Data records
· · · · · · ·

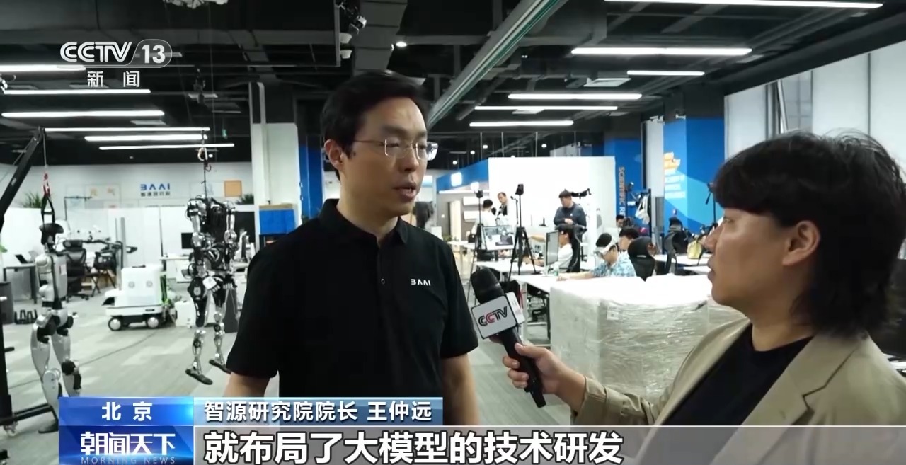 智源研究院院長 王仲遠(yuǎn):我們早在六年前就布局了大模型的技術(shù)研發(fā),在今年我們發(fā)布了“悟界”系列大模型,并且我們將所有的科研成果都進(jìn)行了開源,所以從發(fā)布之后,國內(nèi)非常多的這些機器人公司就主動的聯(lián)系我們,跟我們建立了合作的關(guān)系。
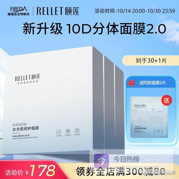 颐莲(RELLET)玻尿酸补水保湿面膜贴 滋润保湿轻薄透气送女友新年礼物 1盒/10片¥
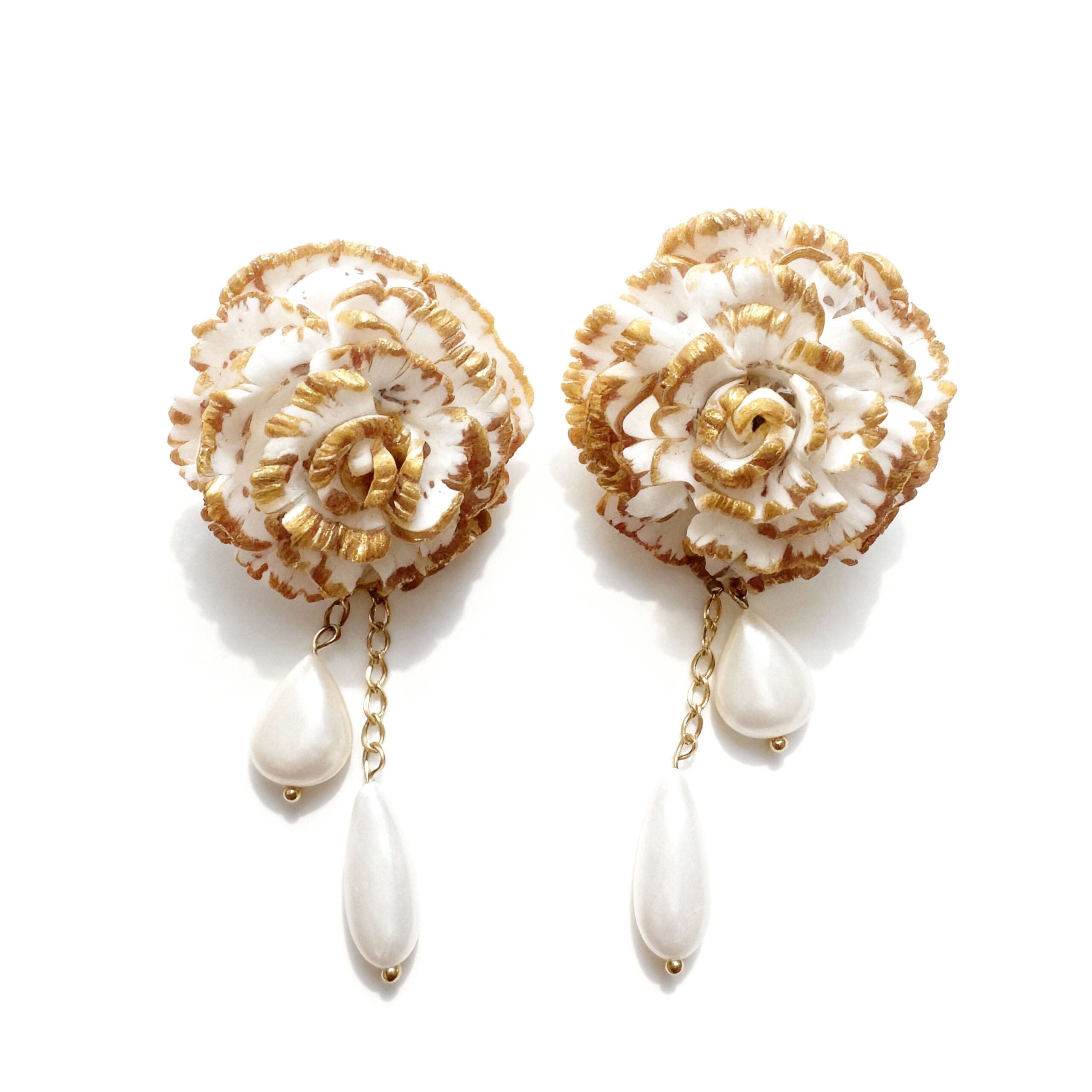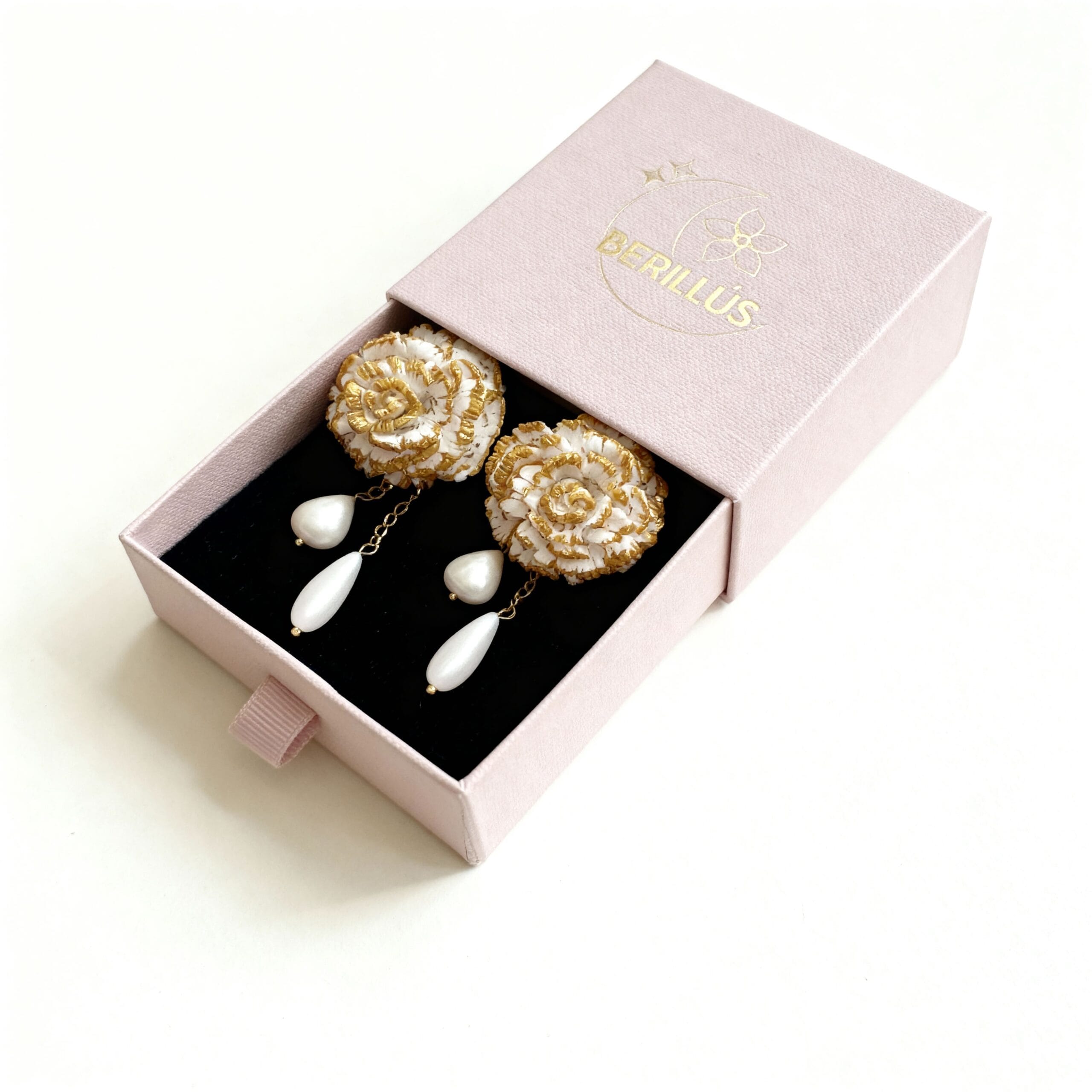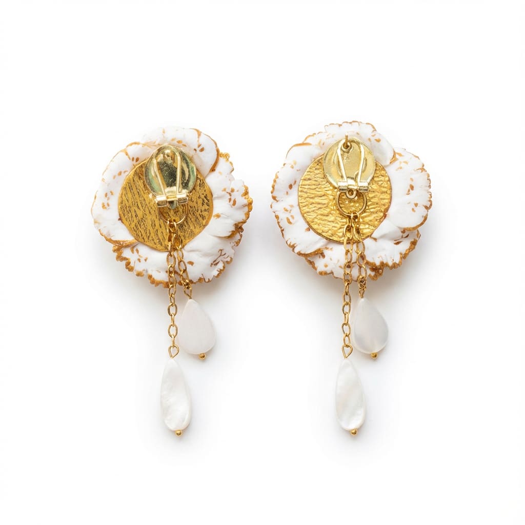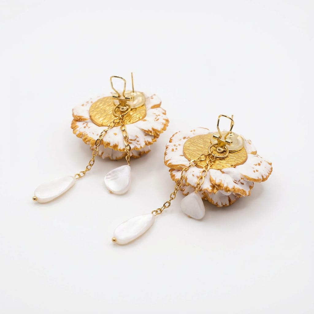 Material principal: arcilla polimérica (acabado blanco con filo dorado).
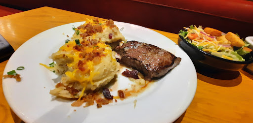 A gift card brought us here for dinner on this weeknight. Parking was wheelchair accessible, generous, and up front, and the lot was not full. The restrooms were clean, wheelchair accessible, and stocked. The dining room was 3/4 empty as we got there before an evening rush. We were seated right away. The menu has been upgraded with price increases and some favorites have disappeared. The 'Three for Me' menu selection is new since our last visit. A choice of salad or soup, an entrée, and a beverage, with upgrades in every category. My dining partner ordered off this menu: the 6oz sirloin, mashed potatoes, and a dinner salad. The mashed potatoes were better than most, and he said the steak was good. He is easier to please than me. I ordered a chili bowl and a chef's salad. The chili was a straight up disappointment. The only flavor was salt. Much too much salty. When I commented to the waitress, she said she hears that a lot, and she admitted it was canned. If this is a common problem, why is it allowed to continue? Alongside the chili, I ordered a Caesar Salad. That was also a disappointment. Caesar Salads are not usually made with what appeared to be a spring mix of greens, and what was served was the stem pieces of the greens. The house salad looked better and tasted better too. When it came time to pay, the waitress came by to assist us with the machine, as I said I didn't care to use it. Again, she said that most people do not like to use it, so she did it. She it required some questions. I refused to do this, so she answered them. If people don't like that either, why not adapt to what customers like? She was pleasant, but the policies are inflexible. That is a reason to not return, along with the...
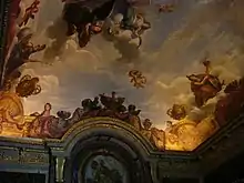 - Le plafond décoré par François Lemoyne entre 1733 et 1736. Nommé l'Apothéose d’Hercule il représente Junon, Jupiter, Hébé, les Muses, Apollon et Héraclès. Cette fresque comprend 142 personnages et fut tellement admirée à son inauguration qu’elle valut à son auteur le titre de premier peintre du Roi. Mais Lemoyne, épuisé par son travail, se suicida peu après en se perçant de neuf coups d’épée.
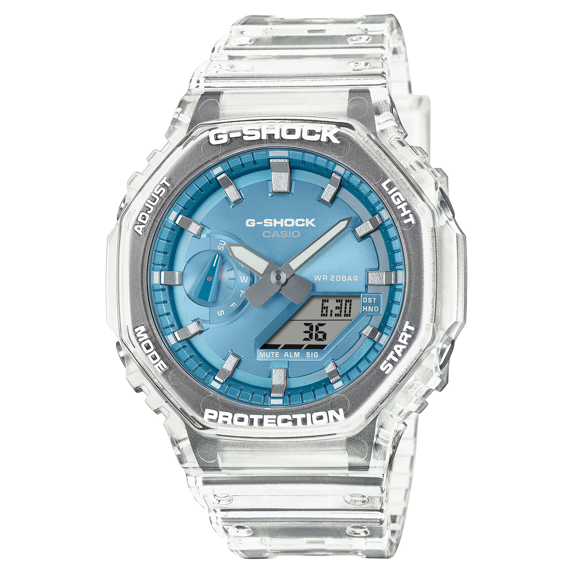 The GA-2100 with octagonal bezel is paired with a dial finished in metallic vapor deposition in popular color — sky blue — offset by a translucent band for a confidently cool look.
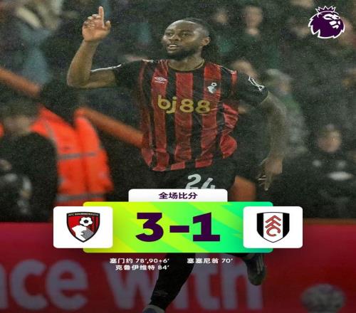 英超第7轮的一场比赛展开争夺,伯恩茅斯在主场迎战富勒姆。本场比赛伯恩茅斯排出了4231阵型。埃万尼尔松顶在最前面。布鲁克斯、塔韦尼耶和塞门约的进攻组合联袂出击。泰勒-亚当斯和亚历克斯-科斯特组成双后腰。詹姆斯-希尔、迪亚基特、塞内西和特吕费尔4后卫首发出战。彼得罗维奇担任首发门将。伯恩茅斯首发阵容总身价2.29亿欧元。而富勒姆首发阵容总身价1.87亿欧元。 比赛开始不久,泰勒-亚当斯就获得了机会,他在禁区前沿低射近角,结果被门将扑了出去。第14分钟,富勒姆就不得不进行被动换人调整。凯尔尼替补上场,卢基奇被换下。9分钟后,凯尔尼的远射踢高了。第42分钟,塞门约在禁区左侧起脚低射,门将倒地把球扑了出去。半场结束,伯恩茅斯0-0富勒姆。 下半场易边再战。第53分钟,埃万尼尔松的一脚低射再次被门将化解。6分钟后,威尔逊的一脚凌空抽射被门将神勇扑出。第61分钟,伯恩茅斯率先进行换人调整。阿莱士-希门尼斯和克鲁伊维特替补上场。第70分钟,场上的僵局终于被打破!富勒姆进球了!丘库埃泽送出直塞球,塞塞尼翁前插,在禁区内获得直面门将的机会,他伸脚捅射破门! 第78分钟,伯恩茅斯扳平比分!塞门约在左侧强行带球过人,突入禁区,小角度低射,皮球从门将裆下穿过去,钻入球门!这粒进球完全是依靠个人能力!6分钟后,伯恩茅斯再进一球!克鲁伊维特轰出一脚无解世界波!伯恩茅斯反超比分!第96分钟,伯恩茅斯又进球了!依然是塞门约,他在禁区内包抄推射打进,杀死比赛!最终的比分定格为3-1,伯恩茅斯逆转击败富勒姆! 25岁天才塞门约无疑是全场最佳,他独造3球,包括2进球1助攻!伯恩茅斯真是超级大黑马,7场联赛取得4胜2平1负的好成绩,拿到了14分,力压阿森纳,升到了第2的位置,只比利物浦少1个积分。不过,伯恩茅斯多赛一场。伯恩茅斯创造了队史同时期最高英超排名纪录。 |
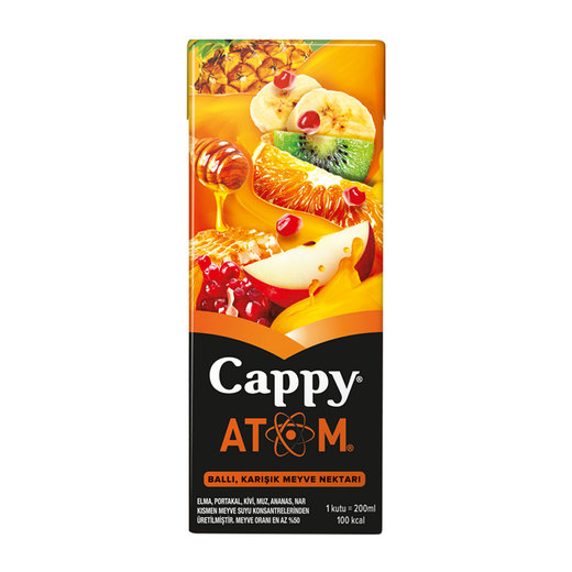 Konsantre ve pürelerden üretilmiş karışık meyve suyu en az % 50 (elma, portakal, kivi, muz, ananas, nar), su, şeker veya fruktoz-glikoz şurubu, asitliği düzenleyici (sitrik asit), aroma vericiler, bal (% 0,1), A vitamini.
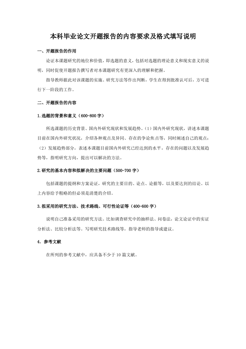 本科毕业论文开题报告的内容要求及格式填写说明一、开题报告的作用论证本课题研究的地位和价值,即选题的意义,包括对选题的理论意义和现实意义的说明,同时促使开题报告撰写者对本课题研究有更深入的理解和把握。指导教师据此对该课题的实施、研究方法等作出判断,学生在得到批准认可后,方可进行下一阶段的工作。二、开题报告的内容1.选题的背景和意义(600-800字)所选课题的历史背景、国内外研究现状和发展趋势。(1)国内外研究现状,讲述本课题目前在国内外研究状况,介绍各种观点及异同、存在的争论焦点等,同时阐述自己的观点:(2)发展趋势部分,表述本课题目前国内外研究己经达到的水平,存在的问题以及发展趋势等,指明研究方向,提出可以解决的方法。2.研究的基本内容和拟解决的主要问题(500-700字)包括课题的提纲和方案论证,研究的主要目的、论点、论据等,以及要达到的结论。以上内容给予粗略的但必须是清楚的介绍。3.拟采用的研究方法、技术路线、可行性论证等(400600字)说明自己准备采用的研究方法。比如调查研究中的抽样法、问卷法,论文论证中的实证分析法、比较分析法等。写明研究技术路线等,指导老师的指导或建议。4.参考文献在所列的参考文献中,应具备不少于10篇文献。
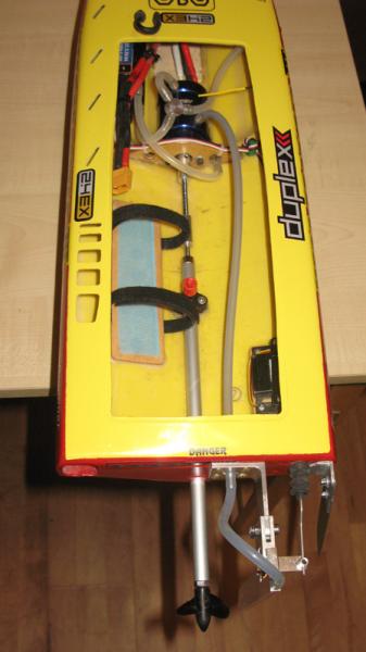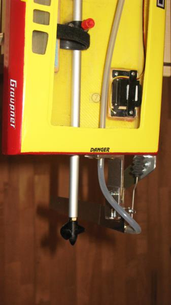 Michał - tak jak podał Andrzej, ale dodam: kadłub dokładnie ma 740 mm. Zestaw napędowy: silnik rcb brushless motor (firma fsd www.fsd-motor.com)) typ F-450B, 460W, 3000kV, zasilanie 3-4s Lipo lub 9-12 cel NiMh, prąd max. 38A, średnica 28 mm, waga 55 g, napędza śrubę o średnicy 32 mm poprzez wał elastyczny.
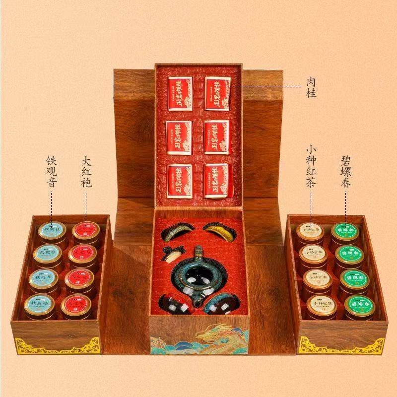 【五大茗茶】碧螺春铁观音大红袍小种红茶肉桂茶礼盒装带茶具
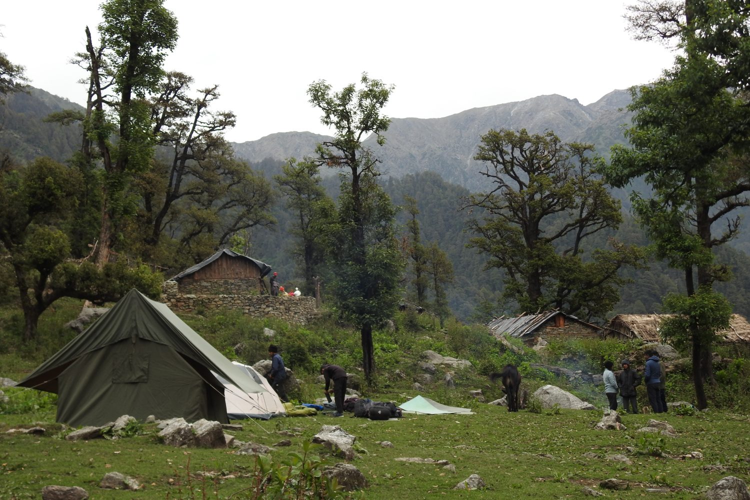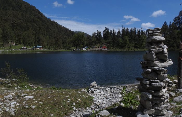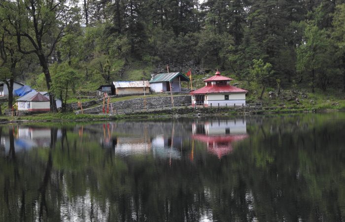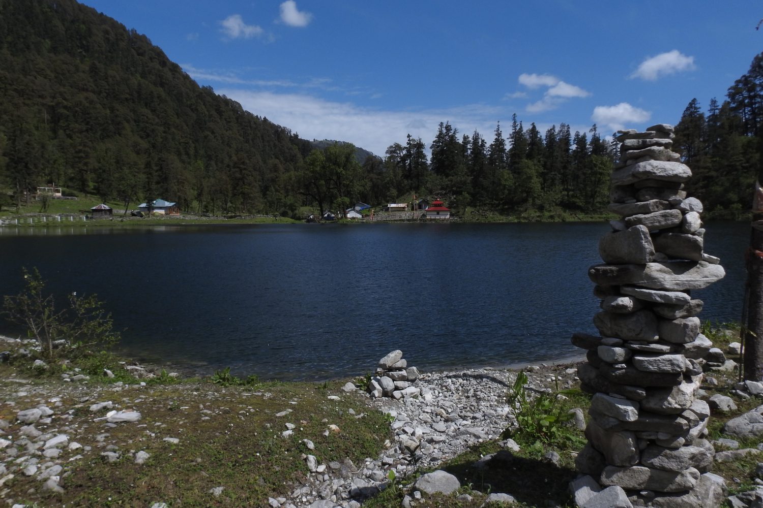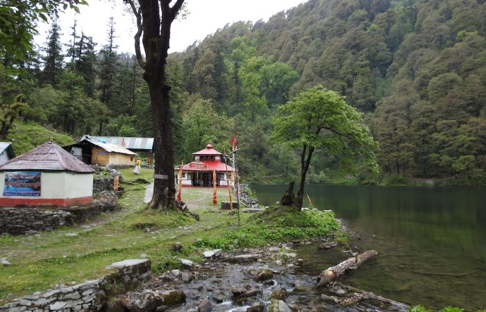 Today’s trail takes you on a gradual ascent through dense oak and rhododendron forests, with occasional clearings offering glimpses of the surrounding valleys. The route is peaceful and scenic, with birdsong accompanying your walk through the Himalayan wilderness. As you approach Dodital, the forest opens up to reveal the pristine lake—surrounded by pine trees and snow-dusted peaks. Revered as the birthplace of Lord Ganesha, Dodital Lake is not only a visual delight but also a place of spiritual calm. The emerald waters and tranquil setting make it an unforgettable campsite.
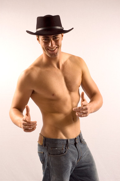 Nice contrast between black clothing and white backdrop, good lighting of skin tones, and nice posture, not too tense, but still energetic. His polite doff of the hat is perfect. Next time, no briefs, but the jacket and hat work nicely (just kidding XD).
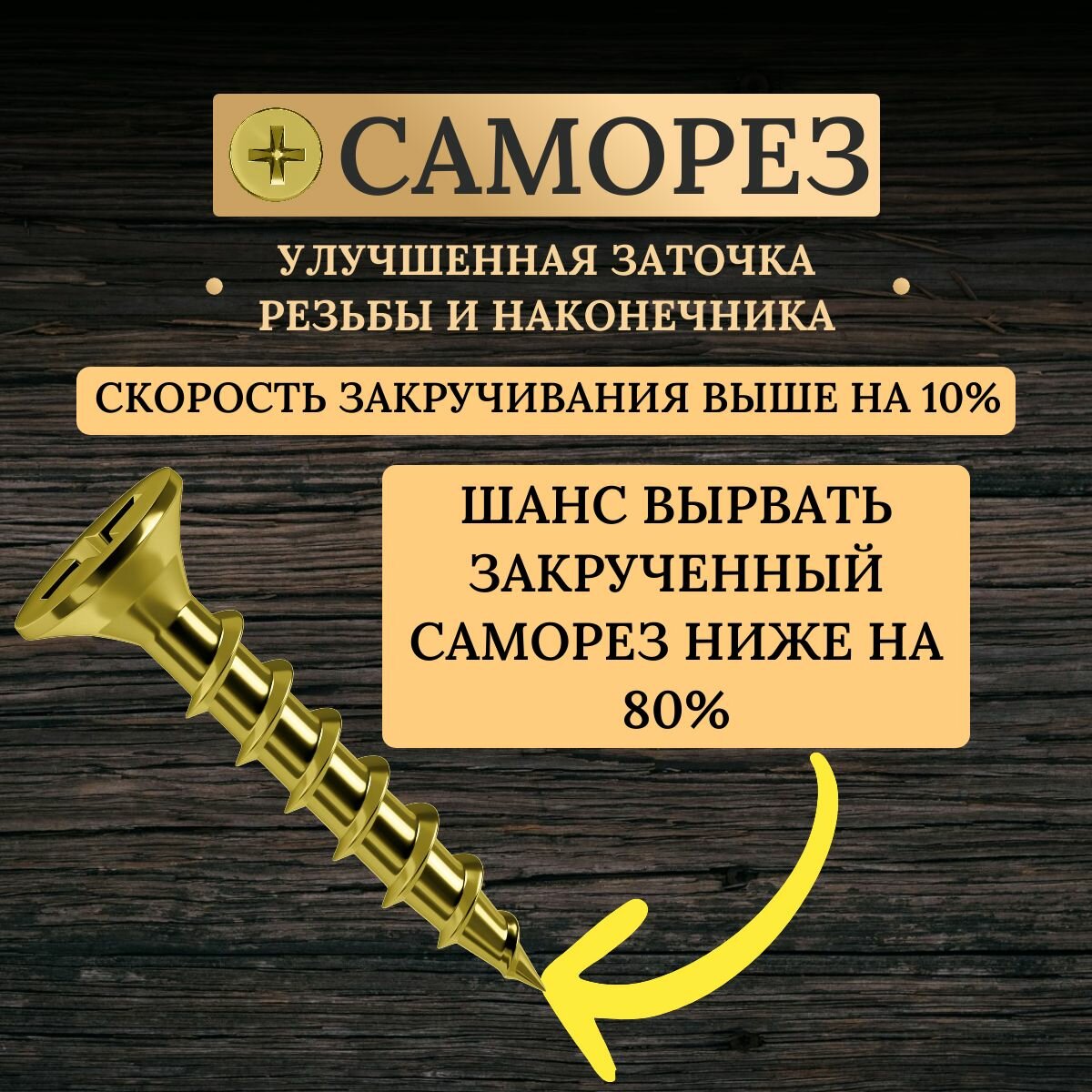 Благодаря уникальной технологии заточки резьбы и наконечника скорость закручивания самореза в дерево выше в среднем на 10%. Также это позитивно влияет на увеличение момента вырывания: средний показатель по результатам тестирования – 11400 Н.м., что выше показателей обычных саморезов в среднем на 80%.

· · · · · · ·

_What this task involves_
Write the lines from the line containing "Konsantre ve pürelerden" through the last line of the data out again exactly, and only those lines; pictures stay out.

_Solution_
 Konsantre ve pürelerden üretilmiş karışık meyve suyu en az % 50 (elma, portakal, kivi, muz, ananas, nar), su, şeker veya fruktoz-glikoz şurubu, asitliği düzenleyici (sitrik asit), aroma vericiler, bal (% 0,1), A vitamini.
 本科毕业论文开题报告的内容要求及格式填写说明一、开题报告的作用论证本课题研究的地位和价值,即选题的意义,包括对选题的理论意义和现实意义的说明,同时促使开题报告撰写者对本课题研究有更深入的理解和把握。指导教师据此对该课题的实施、研究方法等作出判断,学生在得到批准认可后,方可进行下一阶段的工作。二、开题报告的内容1.选题的背景和意义(600-800字)所选课题的历史背景、国内外研究现状和发展趋势。(1)国内外研究现状,讲述本课题目前在国内外研究状况,介绍各种观点及异同、存在的争论焦点等,同时阐述自己的观点:(2)发展趋势部分,表述本课题目前国内外研究己经达到的水平,存在的问题以及发展趋势等,指明研究方向,提出可以解决的方法。2.研究的基本内容和拟解决的主要问题(500-700字)包括课题的提纲和方案论证,研究的主要目的、论点、论据等,以及要达到的结论。以上内容给予粗略的但必须是清楚的介绍。3.拟采用的研究方法、技术路线、可行性论证等(400600字)说明自己准备采用的研究方法。比如调查研究中的抽样法、问卷法,论文论证中的实证分析法、比较分析法等。写明研究技术路线等,指导老师的指导或建议。4.参考文献在所列的参考文献中,应具备不少于10篇文献。
 Michał - tak jak podał Andrzej, ale dodam: kadłub dokładnie ma 740 mm. Zestaw napędowy: silnik rcb brushless motor (firma fsd www.fsd-motor.com)) typ F-450B, 460W, 3000kV, zasilanie 3-4s Lipo lub 9-12 cel NiMh, prąd max. 38A, średnica 28 mm, waga 55 g, napędza śrubę o średnicy 32 mm poprzez wał elastyczny.
 【五大茗茶】碧螺春铁观音大红袍小种红茶肉桂茶礼盒装带茶具
 Today’s trail takes you on a gradual ascent through dense oak and rhododendron forests, with occasional clearings offering glimpses of the surrounding valleys. The route is peaceful and scenic, with birdsong accompanying your walk through the Himalayan wilderness. As you approach Dodital, the forest opens up to reveal the pristine lake—surrounded by pine trees and snow-dusted peaks. Revered as the birthplace of Lord Ganesha, Dodital Lake is not only a visual delight but also a place of spiritual calm. The emerald waters and tranquil setting make it an unforgettable campsite.
 Nice contrast between black clothing and white backdrop, good lighting of skin tones, and nice posture, not too tense, but still energetic. His polite doff of the hat is perfect. Next time, no briefs, but the jacket and hat work nicely (just kidding XD).
 Благодаря уникальной технологии заточки резьбы и наконечника скорость закручивания самореза в дерево выше в среднем на 10%. Также это позитивно влияет на увеличение момента вырывания: средний показатель по результатам тестирования – 11400 Н.м., что выше показателей обычных саморезов в среднем на 80%.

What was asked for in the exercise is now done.